··· Given data
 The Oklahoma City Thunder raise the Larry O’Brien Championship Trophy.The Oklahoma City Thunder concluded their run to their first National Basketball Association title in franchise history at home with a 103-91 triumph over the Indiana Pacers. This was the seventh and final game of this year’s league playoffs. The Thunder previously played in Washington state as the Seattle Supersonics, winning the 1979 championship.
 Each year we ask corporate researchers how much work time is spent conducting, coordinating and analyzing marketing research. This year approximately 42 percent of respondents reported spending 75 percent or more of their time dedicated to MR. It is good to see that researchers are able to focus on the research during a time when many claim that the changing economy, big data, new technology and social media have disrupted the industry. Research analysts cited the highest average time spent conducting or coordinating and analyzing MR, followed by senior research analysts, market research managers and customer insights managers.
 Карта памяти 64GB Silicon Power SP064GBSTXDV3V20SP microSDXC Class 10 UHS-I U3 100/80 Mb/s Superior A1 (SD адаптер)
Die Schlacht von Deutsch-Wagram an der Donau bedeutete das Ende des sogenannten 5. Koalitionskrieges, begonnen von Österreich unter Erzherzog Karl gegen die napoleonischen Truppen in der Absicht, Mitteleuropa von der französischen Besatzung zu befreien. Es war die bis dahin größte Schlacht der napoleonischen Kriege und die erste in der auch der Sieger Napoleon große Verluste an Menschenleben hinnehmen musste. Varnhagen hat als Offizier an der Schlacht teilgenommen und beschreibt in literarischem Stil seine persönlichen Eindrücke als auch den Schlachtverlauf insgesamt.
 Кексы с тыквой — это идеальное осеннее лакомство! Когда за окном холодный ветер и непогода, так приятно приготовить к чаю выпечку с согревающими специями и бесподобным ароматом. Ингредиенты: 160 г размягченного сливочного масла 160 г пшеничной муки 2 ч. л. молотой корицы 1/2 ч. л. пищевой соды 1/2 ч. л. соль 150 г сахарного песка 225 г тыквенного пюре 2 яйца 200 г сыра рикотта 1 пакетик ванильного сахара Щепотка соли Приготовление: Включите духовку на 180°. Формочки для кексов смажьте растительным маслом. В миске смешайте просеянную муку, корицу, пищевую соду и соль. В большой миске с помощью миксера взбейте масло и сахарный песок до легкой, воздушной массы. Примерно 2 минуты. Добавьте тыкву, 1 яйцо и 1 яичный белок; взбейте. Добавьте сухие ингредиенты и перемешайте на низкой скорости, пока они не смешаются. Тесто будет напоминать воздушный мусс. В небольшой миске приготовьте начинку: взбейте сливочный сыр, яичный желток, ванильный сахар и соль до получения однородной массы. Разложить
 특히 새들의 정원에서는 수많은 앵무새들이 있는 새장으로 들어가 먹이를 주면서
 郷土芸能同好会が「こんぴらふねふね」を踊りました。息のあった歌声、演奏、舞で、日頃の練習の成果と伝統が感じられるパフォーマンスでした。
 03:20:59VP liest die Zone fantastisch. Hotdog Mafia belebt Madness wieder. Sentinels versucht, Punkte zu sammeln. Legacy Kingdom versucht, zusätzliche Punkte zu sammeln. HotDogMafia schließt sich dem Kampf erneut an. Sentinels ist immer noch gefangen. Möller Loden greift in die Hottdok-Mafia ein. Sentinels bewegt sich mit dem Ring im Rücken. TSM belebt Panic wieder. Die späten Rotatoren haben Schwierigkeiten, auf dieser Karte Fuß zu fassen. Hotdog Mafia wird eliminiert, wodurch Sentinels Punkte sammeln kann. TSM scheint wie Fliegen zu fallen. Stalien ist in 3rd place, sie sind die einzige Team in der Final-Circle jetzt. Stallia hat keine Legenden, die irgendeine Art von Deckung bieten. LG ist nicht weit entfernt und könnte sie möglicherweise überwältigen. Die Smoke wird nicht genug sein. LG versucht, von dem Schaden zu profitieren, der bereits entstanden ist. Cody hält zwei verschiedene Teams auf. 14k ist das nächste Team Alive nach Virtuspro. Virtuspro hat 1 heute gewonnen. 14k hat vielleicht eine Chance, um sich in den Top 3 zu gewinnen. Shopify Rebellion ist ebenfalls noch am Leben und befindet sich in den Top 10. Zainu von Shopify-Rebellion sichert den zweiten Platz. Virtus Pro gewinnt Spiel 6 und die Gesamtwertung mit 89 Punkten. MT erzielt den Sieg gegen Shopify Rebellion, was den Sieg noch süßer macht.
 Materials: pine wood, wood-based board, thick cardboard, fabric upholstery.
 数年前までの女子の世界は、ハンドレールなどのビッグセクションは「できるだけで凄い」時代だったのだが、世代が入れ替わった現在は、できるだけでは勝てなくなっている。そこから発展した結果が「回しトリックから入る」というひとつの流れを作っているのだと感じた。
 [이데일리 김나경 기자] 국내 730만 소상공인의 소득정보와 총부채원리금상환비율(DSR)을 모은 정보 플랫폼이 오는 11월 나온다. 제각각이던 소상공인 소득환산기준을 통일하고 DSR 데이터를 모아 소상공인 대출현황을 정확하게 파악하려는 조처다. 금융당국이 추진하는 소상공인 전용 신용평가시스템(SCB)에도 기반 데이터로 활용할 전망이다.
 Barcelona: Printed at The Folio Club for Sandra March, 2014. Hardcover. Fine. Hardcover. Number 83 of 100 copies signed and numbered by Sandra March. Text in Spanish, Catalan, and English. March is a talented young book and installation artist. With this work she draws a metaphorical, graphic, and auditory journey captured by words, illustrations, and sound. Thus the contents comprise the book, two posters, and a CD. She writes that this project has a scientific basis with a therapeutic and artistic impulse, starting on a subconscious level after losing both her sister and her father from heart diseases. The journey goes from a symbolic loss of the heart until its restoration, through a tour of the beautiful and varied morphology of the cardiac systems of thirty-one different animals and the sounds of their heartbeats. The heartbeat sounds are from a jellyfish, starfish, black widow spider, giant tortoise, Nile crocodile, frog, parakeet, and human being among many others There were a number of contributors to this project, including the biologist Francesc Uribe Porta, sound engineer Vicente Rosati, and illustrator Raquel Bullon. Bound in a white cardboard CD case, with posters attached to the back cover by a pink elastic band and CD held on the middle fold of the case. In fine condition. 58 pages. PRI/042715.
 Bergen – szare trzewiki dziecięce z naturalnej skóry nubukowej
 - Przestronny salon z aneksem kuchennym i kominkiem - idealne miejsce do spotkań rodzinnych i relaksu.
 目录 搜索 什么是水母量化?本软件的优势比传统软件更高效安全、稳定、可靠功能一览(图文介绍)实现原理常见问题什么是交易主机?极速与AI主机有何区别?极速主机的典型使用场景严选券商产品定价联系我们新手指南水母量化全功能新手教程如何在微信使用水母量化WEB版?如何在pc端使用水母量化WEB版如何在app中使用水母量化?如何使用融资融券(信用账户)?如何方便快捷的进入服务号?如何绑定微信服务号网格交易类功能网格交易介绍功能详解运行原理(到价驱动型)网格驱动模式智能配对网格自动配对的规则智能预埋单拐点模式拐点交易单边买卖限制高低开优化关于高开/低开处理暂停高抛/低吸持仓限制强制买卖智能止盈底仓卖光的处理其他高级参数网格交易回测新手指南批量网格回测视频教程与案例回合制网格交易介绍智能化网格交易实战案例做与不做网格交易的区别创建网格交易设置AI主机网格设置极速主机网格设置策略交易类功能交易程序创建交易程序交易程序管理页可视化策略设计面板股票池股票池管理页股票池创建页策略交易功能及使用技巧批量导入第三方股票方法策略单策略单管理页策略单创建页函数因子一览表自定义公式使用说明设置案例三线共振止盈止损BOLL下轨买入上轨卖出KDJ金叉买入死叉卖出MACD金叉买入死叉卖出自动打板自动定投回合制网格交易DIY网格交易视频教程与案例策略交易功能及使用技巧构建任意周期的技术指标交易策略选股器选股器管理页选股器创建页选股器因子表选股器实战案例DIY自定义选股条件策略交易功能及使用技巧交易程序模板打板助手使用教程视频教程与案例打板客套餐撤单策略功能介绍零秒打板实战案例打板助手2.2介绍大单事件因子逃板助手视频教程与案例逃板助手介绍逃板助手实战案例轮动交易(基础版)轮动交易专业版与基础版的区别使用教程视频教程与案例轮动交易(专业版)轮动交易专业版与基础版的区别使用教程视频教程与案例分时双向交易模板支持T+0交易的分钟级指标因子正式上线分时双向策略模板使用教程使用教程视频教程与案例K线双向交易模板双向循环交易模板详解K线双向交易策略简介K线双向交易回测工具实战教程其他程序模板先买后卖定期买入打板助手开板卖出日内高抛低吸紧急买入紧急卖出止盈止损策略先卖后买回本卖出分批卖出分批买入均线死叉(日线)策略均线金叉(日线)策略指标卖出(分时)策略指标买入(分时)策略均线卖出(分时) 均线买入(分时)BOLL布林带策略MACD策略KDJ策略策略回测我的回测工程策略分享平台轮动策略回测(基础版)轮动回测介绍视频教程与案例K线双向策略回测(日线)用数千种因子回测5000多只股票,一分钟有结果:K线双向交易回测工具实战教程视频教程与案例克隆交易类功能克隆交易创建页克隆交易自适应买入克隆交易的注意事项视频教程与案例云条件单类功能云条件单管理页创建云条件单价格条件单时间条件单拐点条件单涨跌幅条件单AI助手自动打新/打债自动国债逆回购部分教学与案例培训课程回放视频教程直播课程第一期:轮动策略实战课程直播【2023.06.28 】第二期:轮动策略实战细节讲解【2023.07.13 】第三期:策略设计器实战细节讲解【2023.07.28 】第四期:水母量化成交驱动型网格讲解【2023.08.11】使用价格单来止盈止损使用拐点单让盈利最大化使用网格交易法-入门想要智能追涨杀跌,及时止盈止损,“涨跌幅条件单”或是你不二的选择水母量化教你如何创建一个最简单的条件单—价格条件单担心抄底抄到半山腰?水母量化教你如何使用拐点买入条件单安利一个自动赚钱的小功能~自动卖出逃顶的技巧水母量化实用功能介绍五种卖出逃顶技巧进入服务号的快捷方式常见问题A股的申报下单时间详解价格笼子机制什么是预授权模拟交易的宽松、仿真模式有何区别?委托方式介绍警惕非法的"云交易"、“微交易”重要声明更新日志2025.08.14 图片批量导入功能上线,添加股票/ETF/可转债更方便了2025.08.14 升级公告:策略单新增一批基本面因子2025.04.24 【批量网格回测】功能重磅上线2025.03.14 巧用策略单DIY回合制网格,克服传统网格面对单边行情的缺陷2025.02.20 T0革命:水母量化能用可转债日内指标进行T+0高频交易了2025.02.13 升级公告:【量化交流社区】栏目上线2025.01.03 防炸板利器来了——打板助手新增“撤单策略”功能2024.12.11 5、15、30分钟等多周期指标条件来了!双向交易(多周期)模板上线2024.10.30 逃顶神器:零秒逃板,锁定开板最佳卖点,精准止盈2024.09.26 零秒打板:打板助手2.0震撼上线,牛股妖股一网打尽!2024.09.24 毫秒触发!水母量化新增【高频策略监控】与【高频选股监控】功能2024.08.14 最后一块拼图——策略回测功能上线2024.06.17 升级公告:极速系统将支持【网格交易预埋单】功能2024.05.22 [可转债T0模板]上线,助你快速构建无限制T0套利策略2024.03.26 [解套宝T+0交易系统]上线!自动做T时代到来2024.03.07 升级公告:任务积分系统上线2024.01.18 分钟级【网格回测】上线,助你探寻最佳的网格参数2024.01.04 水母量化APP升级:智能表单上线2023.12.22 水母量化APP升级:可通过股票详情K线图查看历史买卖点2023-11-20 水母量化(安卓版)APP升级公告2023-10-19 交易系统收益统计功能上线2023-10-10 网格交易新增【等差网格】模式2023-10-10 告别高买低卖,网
······
#### [Task goal]
Restate word for word the lines in the material above from the one with "Materials: pine wood, wood-based" to the one with "[이데일리 김나경 기자]"; both of those lines count, and nothing else does.

#### [Response]
 Materials: pine wood, wood-based board, thick cardboard, fabric upholstery.
 数年前までの女子の世界は、ハンドレールなどのビッグセクションは「できるだけで凄い」時代だったのだが、世代が入れ替わった現在は、できるだけでは勝てなくなっている。そこから発展した結果が「回しトリックから入る」というひとつの流れを作っているのだと感じた。
 [이데일리 김나경 기자] 국내 730만 소상공인의 소득정보와 총부채원리금상환비율(DSR)을 모은 정보 플랫폼이 오는 11월 나온다. 제각각이던 소상공인 소득환산기준을 통일하고 DSR 데이터를 모아 소상공인 대출현황을 정확하게 파악하려는 조처다. 금융당국이 추진하는 소상공인 전용 신용평가시스템(SCB)에도 기반 데이터로 활용할 전망이다.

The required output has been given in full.